They come in in their plaid shirts and odd socks, looking like they’d come to fix the heating. They sit down, fumble around, and when they start there’s just this magical noise that emerges. It sounds, at different times, obviously like Crosby, Stills & Nash, you can’t get away from that, but there are so many others. There’s parts which sound almost medieval, there are parts of it which sound kind of African. You put the first track on, “Sun It Rises”, and you ask people when does this come from. People could pin a date almost any time in the last 80 years, but it could be yesterday. It’s just extraordinary.

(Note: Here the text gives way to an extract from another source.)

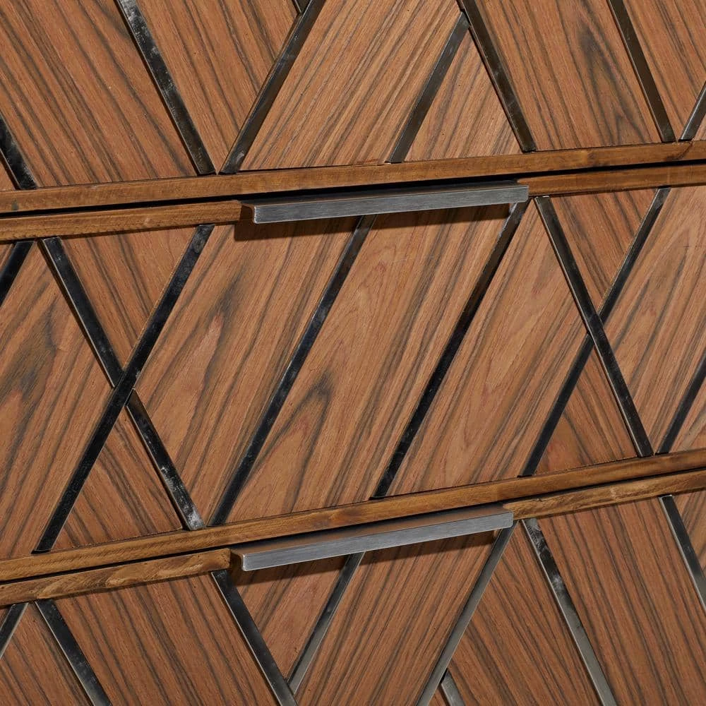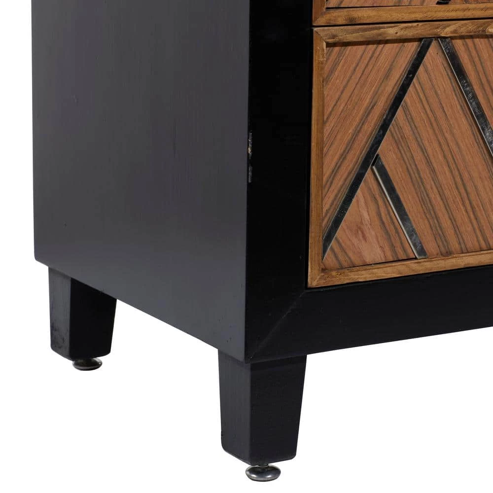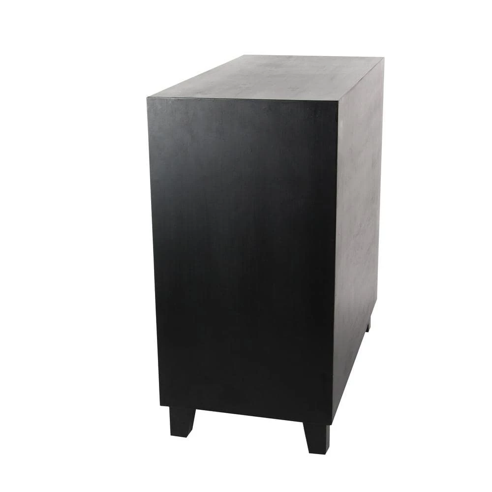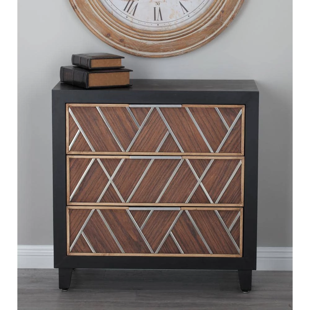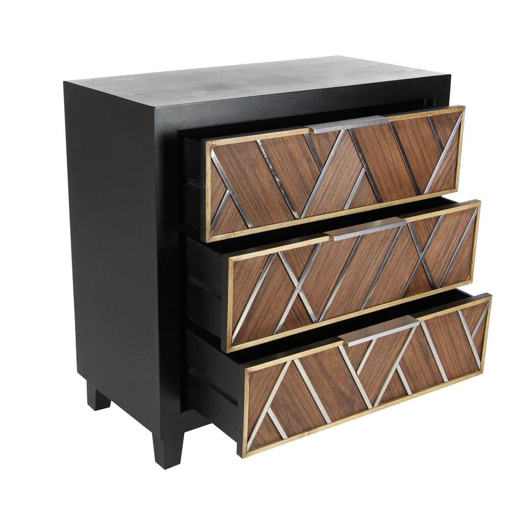 - Black storage unit features a sleek silhouette with spacious drawers designed with diagonal wood paneling and separated by metal strips and L-shaped bar handles

I like playing records to my kids, the youngest are six and nine, they’ve got a big Creedence thing going on at the moment. They say, “he’s got a really cool voice, hasn’t he, dad?” about John Fogerty, and yes he has. There was a bit of a divide on Trout Mask Replica the other day, though. But when I first put this on, Mia, who was then eight, listened really intently and then she said, “how are they doing that?”. And that’s a childlike sense of wonder – how can this thing be created? They understand guitar-bass-drums, they understand that people sing, but how was this noise being made? It was other-worldly and ethereal, and yet passionate and intense and vivid and emotional. To me, it’s Number One out of this eight, it is head and shoulders above any other record that has been made this year and possibly for the last four or five years. I really believe it to be that good.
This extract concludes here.